Notice we are picking up the values for n from the range F5:F7, in order to get the 1st, 2nd, and 3rd highest scores as the formula is copied down.

Retrieve group

The same basic formula will work to retrieve any associated information. To get the group for the largest values, you can simply change the array supplied to INDEX with the named range group :

=INDEX(group,MATCH(LARGE(score,F5),score,0))

With the value 1 in F5, LARGE will get the highest score, and the formula will return “A”.

Note: with Excel 365 , you can use the FILTER function to list top or bottom results dynamically .

With XLOOKUP

The XLOOKUP function can also be used to return the name of the nth largest value like this:

=XLOOKUP(LARGE(score,F5),score,name)

LARGE returns the largest value, 93, directly to XLOOKUP as the lookup value:

=XLOOKUP(93,score,name) //  Hannah

With the named range score (D5:D16) as the lookup array , and name (B5:B16) as the return array , XLOOKUP returns “Hannah” as before.

Handling ties

Duplicate values in the numeric data will create a “tie”. If a tie occurs in the values being ranked, for example, if the first and second largest values are the same, LARGE will return the same value for each. When this value is passed into the MATCH function, MATCH will return the position of the first match, so you will see the same (first) name returned.

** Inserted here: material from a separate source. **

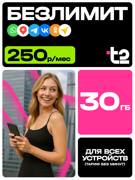Сим карта от Т2 с тарифом, включающим 30 ГБ интернета за 250 рублей в месяц. Данный тариф от теле2 подходит для различных устройств — смартфонов, планшетов, модемов, роутеров, автомобильных видеорегистраторов. Услуга предоставляется без ограничений на раздачу интернета другим устройствам и не требует дополнительной оплаты. Без минут. Особенности тарифа: Доступ к мобильному интернету, а также 60 SMS. Поддерживается официальная регистрация sim-карт через приложение или веб-сайт оператора. Сим карта также предназначена специально для роутеров, модемов, планшетов и иных устройств. Простое подключение и возможность работы на всей территории России. Отсутствие роуминга по всей стране. Перед покупкой проверьте карту покрытия Т2 на работоспособность сим карты в вашем населенном пункте. В Башкортостане у Т2 нет покрытия. Включены дополнительные опции: Безлимит на использование картографических сервисов и навигационных приложений, мессенджеров и видео. Регистрация возможна только гражданам РФ через портал Госуслуг. Таким образом, тариф от теле 2 представляет собой экономичное решение для тех, кто активно пользуется мобильным интернетом и нуждается в стабильном доступе вне зависимости от региона пребывания. Выбирайте команду SIMTOP!

If there is the possibility of ties, you may want to implement some kind of tie-breaking strategy. One approach is to create a new helper column of values which have been adjusted to break ties . Then use the helper column values to rank and retrieve information. This makes the logic used to break ties clear and explicit.

Another approach is to break ties based on position only (i.e. the first tie “wins”). Here is a formula that takes that approach:

INDEX(name,MATCH(1,(score=LARGE(score,F5))*(COUNTIF(H$4:H4,name)=0),0))

Note: this is an array formula and must be entered with control + shift + enter, except in Excel 365 .

Here, we use MATCH to find the number 1, and we construct a lookup array using boolean logic that (1) compares all scores to the value returned by LARGE:

score=LARGE(score,F5)

and (2) uses an expanding range check if the name is already in the ranked list:

COUNTIF(H$4:H4,name)=0

When a name is already in the list, it is “cancelled” by the logic, and the next (duplicate) value is matched. Notice the expanding range starts on the prior row , in order to avoid a circular reference.

This approach works in this example because there are no duplicate names in the name column. However, if duplicate names occur in ranked values, the approach needs to be adjusted. The easiest solution is to make sure that names are unique.

Notes

  1. To get the name of nth value with criteria , (i.e. limit results to group A or B) you will need to extend the formula to use additional logic .
  2. In Excel 365 , the FILTER function is a better way to list top or bottom results dynamically . This approach will automatically handle ties.